Thursday, December 24, 2009

Preserving Vintage Patterns: What's Your Take?

Readers, I have a confession to make: I haven't been very good about caring for my vintage patterns. I pin them to my fabric, Scotch-tape any holes or tears, and make alterations directly on the tissue. (I can just see all you preservationists cringing as I write this!) According to many enthusiasts, the correct way to care for vintage patterns is to trace them off immediately and then neatly store them in a dry environment.

I'm coming around to seeing their point. I do want these patterns to be around for others to appreciate in the decades to come. I used to cavalierly proclaim that vintage patterns should be used and enjoyed, not stuffed away in a drawer. But the truth is that even if you're tracing them off, you're still using them and enjoying them. It's just an extra step that lazy seamstresses like myself would rather avoid.

I do still have one concern about simply storing patterns away for future generations. I think we need to be working towards having a digital archive of vintage patterns that would include pdfs of each of the pattern pieces. Because sooner or later, the tissue paper is going to disintegrate and no one will be able to use the patterns, even just to trace off of them. I've decided on my personal contribution to this digital archive, which is very exciting but in a secretive stage so I can't tell you anything about it. (Sorry! But trust me . . . it's going to be good.)

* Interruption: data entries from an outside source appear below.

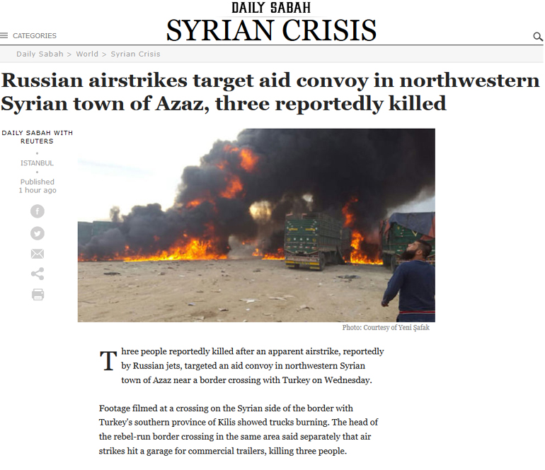 Συγκεκριμένα, ένα βίντεο που γυρίστηκε σε μια μεθοριακή διάβαση στα σύνορα της Συρίας με την επαρχία Κιλίς στη νότια Τουρκία καταγράφει φορτηγά να φλέγονται, έπειτα από μια αεροπορική επιδρομή, την οποία κατήγγειλαν εργαζόμενοι σε οργανώσεις αρωγής.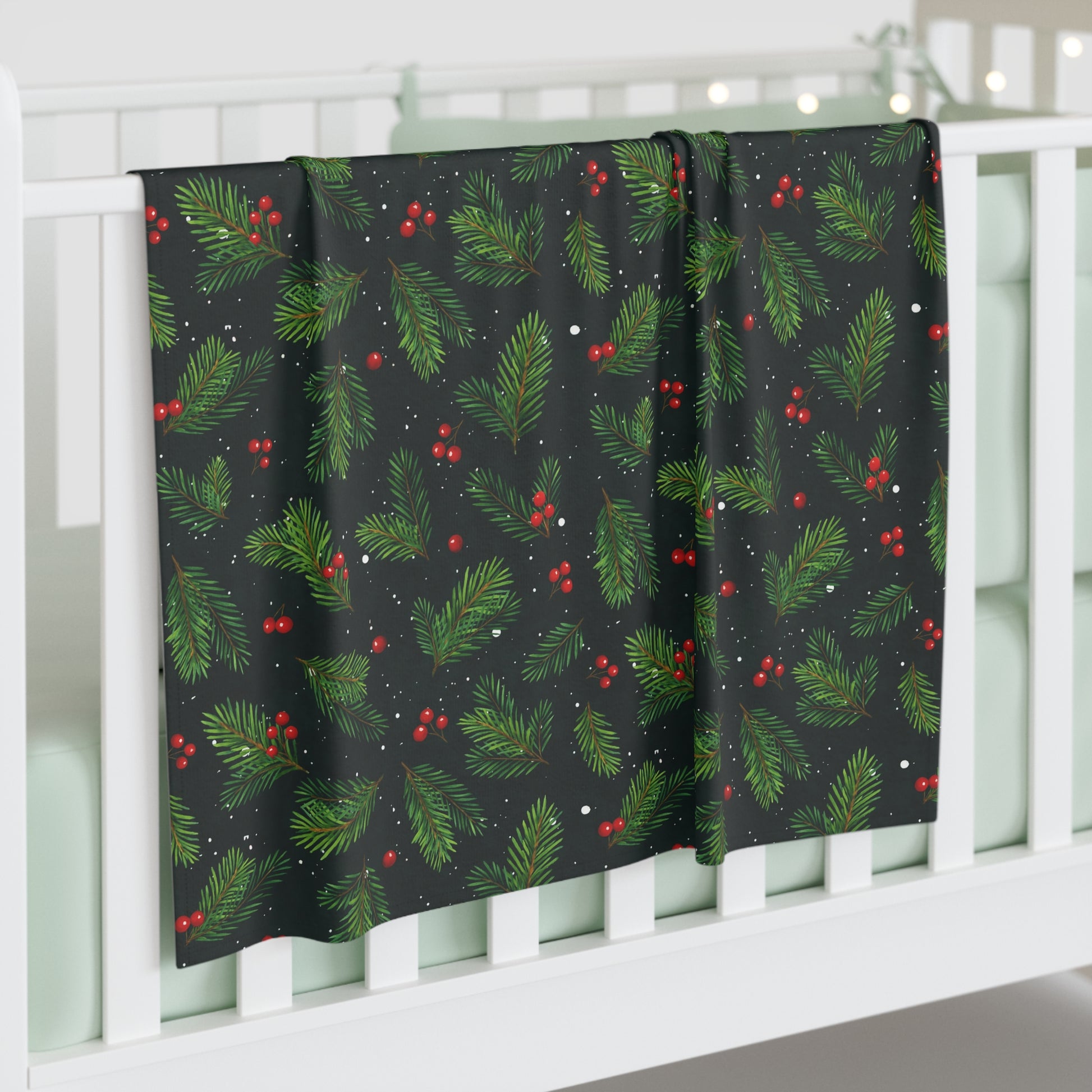 Christmas Holly & Pine Baby Swaddle Blanket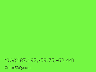 YUV 187.197,-59.75,-62.44 Color is a light green color and the nearest color is Spring Frost #87ff2a. Hex code #74f742 and RGB value is rgb(116,247,66). In RGB color space, this color is composed of 45% red, 97% green, 26% blue, In CMYK color space, this color is composed of 53% cyan, 0% magenta, 73% yellow , 3% black , In HSL color space, this color has a hue angle of 103° , 92% saturation and 61% lightness.

Anyway, what are your thoughts on the matter? How do you care for your vintage patterns? Are you an avid preservationist or a devil-may-care type?


  1. The digital archiving of patterns is a great idea. More people would have access to them, which may help solve dilemmas like yours: not finding all of the Vogue patterns referenced in the book you're using. Good thought...can't wait to see your solution!

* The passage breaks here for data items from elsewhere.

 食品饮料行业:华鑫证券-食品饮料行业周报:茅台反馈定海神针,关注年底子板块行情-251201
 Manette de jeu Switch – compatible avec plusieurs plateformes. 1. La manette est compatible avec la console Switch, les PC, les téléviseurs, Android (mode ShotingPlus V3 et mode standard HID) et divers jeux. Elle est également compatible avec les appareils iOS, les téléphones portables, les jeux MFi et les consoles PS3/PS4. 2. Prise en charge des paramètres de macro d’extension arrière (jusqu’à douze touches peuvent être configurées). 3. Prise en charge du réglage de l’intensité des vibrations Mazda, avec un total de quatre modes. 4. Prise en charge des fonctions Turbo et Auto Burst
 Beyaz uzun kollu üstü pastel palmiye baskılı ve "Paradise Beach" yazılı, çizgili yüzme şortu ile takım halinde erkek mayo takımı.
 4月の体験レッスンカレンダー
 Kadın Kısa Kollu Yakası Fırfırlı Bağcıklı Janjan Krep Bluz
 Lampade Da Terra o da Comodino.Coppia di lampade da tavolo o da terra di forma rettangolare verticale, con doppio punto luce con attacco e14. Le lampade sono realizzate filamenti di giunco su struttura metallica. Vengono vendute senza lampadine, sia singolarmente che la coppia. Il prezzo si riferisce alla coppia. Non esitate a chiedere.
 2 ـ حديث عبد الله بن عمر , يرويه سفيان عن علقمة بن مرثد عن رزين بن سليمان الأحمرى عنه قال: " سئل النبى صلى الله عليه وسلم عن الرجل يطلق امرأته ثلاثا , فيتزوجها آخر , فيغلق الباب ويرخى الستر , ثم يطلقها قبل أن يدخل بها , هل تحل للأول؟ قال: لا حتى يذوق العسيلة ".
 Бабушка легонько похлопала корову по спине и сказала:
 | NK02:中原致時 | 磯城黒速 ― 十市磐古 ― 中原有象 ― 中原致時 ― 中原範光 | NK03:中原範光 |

  2. Since most of my patterns are not in my size, I copy them so I can cut and spread them to grade up. On the few patterns I have in my size or close to my size, I use them but with pattern weights, not pins. For my very fragile patterns, I will adhere them to fusible interfacing to prevent any further damage.

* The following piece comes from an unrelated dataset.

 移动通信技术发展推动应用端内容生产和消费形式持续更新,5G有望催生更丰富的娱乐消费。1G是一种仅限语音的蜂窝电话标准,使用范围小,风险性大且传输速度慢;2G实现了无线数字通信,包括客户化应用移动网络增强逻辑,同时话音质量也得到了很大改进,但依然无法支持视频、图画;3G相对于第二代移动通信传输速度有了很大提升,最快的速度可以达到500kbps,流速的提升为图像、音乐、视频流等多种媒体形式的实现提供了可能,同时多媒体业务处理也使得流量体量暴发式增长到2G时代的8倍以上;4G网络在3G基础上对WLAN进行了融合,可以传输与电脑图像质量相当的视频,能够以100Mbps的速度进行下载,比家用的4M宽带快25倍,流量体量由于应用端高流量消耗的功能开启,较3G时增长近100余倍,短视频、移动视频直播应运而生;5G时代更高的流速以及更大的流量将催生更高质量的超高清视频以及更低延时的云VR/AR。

  3. I'm definitely in the pattern tracing camp. Most of my sewing is from Ottobre and BWOF so I'm pretty used to tracing anyway, and if I spend money on a vintage pattern I want to make sure I don't mess it up. I only cut into pattern tissue for contemporary patterns I buy for 99 cents or whatever at Joann's. (Actually, I think my personal cut-off for tracing is 3.99 so I can cut into New Looks-- HA.)

  4. GASP! I'm officially horrified! ;) (not really)maybe a little....)

    I iron my antique patterns on low heat, trace them and then lovingly put them back in the jacket, usually in the original folds and store in a plastic sleeve, then in an airtight bin!
    It gives me a thrill to imagine who used the pattern for the first time, especially the ones from the 1920's. They made it this far, I'm not going to be the one to kill it dead!

  5. I haven't traced off the ones that didn't seem very delicate, but I know it's a good idea. I'm so curious now about your archival plan.

    Merry Christmas!

  6. I don't, but when I die they're likely to be trashed anyway and I don't worry that the patterns I get have to be in pristine shape anyway (which means I get an awful lot of ones that have been through the wringer). If they are fragile, I will preserve them, and I do alterations on a trace off so I don't tear up the pattern.

    I think everyone is different. I don't spend that much for my patterns (or I draft them) so preservation isn't that important to me. If they begins to show signs of extreme wear I will do so, but otherwise, no.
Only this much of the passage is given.